Wanted
Year: | 2008 |
Studio: | Universal |
Director: | Timur Bekmambetov |
Writer: | Mark Millar |
Cast: | James McAvoy, Angelina Jolie, Morgan Freeman, Terence Stamp |
It contained exactly the same coke-addled camerawork, clichéd cool and paper thin plot as (for example) Torque, another action movie that pasted over its many shortcomings by using quick cuts and a pace that didn't let up enough for you to see how stupid it was.
It's a boys' revenge fantasy as doltish office drone Wesley (McAvoy, in the worst casting since John Wayne as a Roman Centurion) learns he's actually descended from a secret society of skilled assassins.
He's bought into their fold by as many two-dimensional caricatures as the movie can handle (but which the comic book on which it's based is ultimately responsible) - the wisened, sage master (Freeman), the hot chick handler (Jolie, a charisma-free zone) and various brutal trainers and sidekicks.
Wesley is set to work as a master killer dispatching people from the Earth he doesn't even know because - believe it or not - a giant sewing machine tells the society to do so.
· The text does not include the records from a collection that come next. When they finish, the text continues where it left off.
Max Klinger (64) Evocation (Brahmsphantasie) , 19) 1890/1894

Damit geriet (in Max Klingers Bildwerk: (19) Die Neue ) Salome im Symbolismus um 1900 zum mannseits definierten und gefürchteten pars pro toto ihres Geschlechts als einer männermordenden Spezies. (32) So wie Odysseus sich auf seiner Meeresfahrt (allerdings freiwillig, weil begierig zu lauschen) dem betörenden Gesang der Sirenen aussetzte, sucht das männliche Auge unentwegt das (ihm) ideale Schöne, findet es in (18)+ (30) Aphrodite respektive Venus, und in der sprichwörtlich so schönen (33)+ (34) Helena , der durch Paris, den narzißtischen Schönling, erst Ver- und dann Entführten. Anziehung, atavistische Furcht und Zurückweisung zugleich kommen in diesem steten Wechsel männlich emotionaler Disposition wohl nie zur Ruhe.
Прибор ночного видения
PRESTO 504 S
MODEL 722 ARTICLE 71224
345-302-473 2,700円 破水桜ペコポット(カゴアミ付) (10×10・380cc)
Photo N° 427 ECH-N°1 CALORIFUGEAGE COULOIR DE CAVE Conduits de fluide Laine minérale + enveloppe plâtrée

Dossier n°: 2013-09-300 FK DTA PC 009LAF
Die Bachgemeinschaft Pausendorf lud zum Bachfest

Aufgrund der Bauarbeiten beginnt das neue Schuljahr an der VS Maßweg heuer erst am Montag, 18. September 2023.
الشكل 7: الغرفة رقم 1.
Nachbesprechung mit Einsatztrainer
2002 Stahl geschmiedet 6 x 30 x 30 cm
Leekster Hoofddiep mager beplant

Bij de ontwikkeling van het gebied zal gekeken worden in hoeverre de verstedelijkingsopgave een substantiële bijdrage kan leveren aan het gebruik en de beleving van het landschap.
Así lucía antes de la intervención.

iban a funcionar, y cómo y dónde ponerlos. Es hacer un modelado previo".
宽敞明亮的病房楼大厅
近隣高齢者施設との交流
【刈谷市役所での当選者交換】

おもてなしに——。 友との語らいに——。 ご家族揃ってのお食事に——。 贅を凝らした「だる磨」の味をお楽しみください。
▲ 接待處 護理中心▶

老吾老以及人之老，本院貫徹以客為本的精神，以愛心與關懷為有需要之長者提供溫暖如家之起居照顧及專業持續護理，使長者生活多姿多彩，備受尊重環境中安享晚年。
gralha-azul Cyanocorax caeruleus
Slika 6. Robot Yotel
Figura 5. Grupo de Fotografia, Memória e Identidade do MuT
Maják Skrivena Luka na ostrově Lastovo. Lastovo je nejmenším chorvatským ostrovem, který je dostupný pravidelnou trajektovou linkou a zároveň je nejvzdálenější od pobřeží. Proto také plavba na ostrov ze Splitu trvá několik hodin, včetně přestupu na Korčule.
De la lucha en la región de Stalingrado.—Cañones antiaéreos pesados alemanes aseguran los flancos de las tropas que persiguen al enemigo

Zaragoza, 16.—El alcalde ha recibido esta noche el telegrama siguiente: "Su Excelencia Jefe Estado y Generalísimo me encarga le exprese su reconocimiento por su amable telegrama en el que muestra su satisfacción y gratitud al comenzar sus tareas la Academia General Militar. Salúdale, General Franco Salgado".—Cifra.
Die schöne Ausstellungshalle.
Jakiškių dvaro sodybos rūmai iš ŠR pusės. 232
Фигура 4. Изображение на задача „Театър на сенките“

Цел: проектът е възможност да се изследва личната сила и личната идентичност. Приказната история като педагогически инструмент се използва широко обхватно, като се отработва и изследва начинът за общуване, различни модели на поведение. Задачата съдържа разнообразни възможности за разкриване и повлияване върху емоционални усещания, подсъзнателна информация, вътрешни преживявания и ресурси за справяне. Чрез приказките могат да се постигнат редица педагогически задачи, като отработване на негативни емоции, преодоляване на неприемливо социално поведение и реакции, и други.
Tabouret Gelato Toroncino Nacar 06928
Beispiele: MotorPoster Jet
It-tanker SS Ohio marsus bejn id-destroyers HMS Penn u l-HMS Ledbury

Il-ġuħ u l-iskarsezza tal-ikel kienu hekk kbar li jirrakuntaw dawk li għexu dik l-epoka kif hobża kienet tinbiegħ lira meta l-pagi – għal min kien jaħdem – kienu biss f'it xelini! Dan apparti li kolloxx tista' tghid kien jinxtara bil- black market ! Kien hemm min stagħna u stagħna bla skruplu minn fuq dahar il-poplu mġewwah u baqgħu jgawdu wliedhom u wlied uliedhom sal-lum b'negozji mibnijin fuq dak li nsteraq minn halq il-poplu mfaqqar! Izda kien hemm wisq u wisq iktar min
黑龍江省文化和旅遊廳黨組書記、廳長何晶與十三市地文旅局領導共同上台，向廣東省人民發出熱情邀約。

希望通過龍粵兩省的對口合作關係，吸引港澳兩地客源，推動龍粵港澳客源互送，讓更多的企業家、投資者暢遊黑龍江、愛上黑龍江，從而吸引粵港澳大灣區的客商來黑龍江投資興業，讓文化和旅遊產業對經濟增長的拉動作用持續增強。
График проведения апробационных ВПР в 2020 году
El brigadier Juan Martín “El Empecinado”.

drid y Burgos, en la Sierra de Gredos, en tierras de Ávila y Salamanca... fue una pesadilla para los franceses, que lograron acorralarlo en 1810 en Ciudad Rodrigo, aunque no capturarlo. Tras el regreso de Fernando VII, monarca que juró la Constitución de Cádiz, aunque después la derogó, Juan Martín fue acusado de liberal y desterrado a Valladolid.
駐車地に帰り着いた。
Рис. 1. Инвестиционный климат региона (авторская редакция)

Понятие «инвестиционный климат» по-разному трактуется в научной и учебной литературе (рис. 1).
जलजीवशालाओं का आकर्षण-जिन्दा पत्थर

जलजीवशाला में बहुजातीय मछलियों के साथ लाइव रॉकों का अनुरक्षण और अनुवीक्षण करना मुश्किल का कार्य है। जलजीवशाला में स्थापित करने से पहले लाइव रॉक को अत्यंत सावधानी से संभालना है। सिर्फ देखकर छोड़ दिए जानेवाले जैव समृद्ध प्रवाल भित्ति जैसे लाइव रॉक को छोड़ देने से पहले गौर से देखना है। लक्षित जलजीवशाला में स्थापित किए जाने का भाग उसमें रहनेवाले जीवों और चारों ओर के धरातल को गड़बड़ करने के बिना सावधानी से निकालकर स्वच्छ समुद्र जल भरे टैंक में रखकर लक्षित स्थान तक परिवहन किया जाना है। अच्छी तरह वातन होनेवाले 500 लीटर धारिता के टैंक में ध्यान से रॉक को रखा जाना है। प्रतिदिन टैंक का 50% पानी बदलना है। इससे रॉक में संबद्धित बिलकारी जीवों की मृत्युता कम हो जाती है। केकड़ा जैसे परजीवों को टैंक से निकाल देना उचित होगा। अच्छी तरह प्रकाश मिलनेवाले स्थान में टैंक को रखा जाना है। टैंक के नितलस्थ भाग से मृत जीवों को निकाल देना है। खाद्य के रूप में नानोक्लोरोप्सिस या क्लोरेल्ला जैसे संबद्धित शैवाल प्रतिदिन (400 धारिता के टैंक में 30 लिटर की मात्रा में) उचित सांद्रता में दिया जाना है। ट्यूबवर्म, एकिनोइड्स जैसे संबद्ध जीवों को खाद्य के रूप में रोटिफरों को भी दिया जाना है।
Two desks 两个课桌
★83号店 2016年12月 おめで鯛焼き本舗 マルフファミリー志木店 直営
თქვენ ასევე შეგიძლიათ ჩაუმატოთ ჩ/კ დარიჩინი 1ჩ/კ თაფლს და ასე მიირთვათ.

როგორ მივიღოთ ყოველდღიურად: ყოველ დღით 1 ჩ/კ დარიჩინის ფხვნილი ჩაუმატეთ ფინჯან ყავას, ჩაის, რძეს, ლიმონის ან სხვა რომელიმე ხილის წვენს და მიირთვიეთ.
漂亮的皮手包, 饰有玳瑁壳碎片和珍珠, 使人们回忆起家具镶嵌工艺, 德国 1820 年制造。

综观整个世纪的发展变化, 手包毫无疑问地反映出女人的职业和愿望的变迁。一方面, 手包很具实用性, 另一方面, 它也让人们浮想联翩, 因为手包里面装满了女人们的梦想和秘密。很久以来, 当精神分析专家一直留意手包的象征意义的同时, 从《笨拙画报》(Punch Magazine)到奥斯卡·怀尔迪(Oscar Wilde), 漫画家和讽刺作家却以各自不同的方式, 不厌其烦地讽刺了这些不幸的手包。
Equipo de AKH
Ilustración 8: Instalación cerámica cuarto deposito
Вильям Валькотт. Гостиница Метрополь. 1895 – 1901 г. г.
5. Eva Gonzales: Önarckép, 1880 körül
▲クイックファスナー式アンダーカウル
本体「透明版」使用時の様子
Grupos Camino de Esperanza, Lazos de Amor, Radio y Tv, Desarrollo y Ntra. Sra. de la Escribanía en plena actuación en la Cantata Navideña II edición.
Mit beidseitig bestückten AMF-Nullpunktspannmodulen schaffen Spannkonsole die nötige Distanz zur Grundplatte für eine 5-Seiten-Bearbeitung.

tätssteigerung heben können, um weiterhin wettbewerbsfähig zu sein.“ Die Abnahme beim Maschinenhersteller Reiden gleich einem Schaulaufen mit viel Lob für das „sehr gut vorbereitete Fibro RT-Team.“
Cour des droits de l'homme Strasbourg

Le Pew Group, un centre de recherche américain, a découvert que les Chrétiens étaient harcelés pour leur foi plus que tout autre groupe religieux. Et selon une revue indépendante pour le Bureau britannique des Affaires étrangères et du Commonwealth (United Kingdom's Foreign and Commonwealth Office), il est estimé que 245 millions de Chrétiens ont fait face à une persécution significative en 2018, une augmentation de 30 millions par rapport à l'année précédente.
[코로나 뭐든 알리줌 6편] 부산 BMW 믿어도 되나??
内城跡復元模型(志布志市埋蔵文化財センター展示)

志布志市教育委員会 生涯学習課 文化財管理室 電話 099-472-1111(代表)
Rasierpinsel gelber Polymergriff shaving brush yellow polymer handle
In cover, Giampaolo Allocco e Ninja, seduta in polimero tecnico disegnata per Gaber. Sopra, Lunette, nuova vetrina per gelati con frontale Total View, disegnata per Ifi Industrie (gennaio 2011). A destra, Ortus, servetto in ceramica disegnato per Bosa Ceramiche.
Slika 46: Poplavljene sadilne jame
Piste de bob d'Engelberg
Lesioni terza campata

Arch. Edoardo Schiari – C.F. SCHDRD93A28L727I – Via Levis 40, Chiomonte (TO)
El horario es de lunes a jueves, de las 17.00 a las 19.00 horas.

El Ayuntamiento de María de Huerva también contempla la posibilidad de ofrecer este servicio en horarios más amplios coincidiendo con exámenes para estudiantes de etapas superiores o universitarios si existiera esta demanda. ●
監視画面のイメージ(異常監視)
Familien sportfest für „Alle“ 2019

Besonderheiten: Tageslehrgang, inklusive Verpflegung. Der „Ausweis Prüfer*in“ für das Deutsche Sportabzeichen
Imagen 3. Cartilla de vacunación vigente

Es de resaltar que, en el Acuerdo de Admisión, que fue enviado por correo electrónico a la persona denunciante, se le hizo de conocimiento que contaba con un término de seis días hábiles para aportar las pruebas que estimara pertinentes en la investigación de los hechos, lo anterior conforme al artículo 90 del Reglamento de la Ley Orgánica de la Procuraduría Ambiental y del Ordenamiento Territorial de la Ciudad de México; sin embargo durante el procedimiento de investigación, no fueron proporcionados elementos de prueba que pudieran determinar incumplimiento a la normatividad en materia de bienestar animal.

But then - surprise surprise! - The Fraternity turns out to be the bad guys, the assassin tracking Wesley actually the father they told him was dead, trying to reach him and extract him from their corrupt clutches.
So Wesley goes rogue from the bad guys and dishes out Bekmambetov's style of justice - mythical etchings on bullets that can go around corners thanks to shoddy CGI and all.
It's for 12-year-old boys. This sort of can-do-anything-and-get-the-girl 'cool' was passé in the Stallone era, and I can't work out how so many reviews were so full of praise. A few inventive scenes with good effects such as the train falling into the ravine were well done but do not a movie make.